Core Language Features
Pattern Matching
GQL’s most powerful feature is declarative pattern matching using visual graph patterns:
-- Match pattern: nodes and relationships
MATCH (p:Person)-[:KNOWS]->(friend:Person)
WHERE p.name = 'Alice'
RETURN friend.name;
-- Multi-hop patterns
MATCH (a:Person)-[:KNOWS*2..4]->(distant)

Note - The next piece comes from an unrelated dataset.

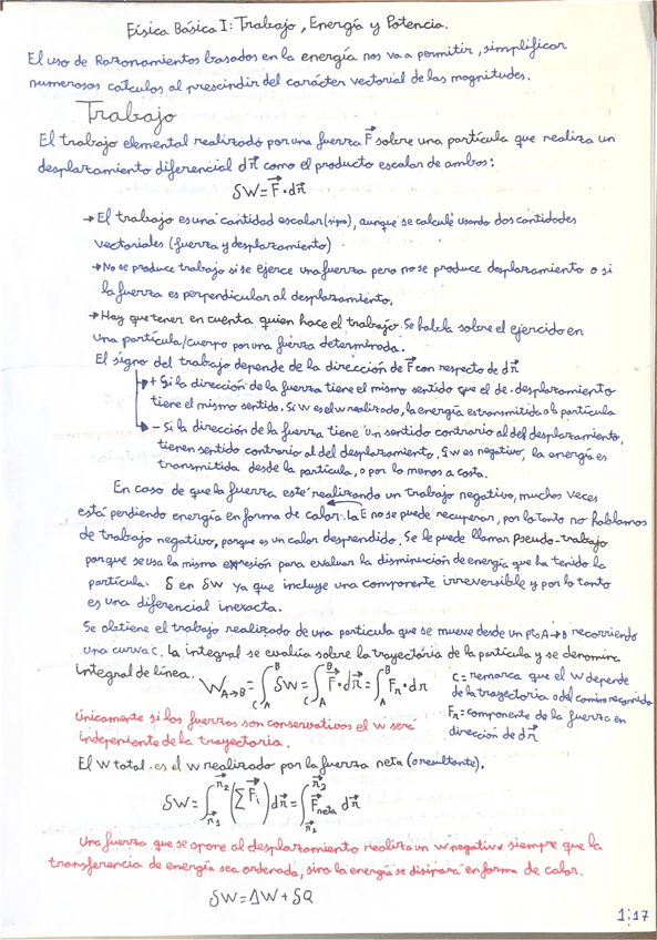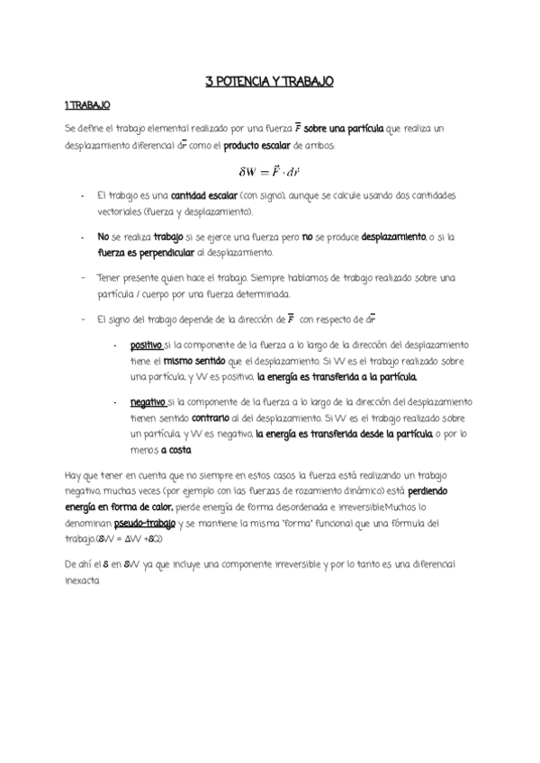 Resumen de la teoría del Tema 3 -Trabajo,Energía y Potencia

WHERE a.city = 'San Francisco'
RETURN distant.name, distant.city;
-- Complex patterns with multiple relationships
MATCH (author:Person)-[:WROTE]->(paper:Paper)-[:CITES]->(cited:Paper)
WHERE paper.year >= 2020
RETURN author.name, count(cited) AS citation_count
ORDER BY citation_count DESC;
Path Queries
Standard path operations for finding routes through graphs:
-- Shortest path
MATCH path = SHORTEST (a:Person {name: 'Alice'})
-[:KNOWS*]->
(b:Person {name: 'Bob'})
RETURN path, length(path) AS hops;
-- All shortest paths
MATCH paths = ALL SHORTEST (a:City {name: 'NYC'})
-[:FLIGHT*]->
(b:City {name: 'LAX'})
RETURN paths,
reduce(cost = 0, r IN relationships(paths) | cost + r.price) AS total_cost;
-- K shortest paths
MATCH paths = K SHORTEST 5 (a:Location)-[:ROUTE*]->(b:Location)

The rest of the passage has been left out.